Facing the sunny garden in the daytime in the summer if and when the sun shines
, I thought, leading Stig into the room at the top of the stairs. On a night like this, it looked like where Jane Eyre saw the ghost. The furniture was something Miss Drumm called pickled walnut. The wallpaper was a sort of colourless pinky beige in a raised pattern that looked a bit like fungus, and the carpet and curtains were much the same. The crocheted mats, worked in white and stained with tea, and the crocheted, tea-stained handles on the brown-paper sun blinds didn't help. Cat sick, Miss Drumm called it, which made me shudder, but at least the quilt and the pillow slips were satin. I drew the line at candlewick; all her candlewick covers were in the linen cupboard, dry cleaned and stored in bags sucked small with the hoover.
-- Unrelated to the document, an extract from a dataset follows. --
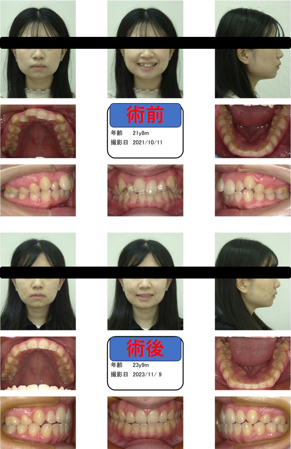 この症例においては、上の前歯に対して下の前歯が大きかったために、奥歯の咬み合わせは良いものの、最後の仕上がりで、上の前歯と下の前歯が同じような位置関係になってしまっています。
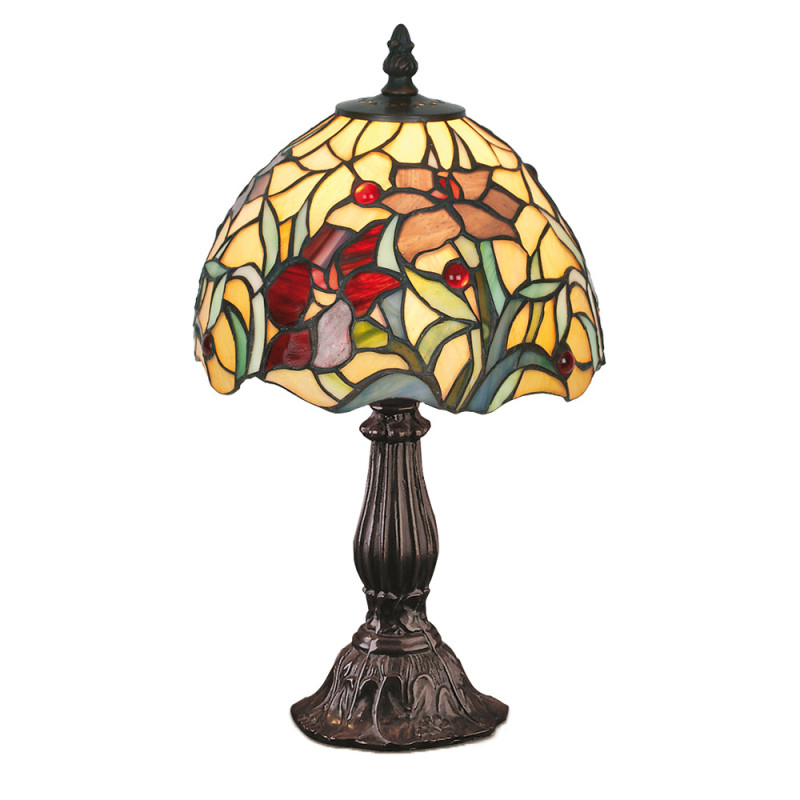 Son abat-jour est composé de pièces en verre formant des motifs floraux et végétaux, agrémentés de perles rouge bourgogne.

“I'll put towels in the bathroom for you,” I said, as I slid the two hot water bottles in under the bedclothes. “And a toothbrush. And I'll set out a razor. Can you sleep in the sweat suit for now? I won't be long and no one will come to the door, I promise, but if they do, don't answer. No one's got a spare key. No one can get in.”

“What?” he said. “Where are you going?”

“Phone box at Shawhead. It's tucked well away and nobody's even going to be walking a dog at this time of night when it's like this, are they?”

“You're really going to call the police?”

“I've got to. We can't leave her there on her own in the cold and dark.”

“I can't ask you to do that,” he said. “You don't owe me.”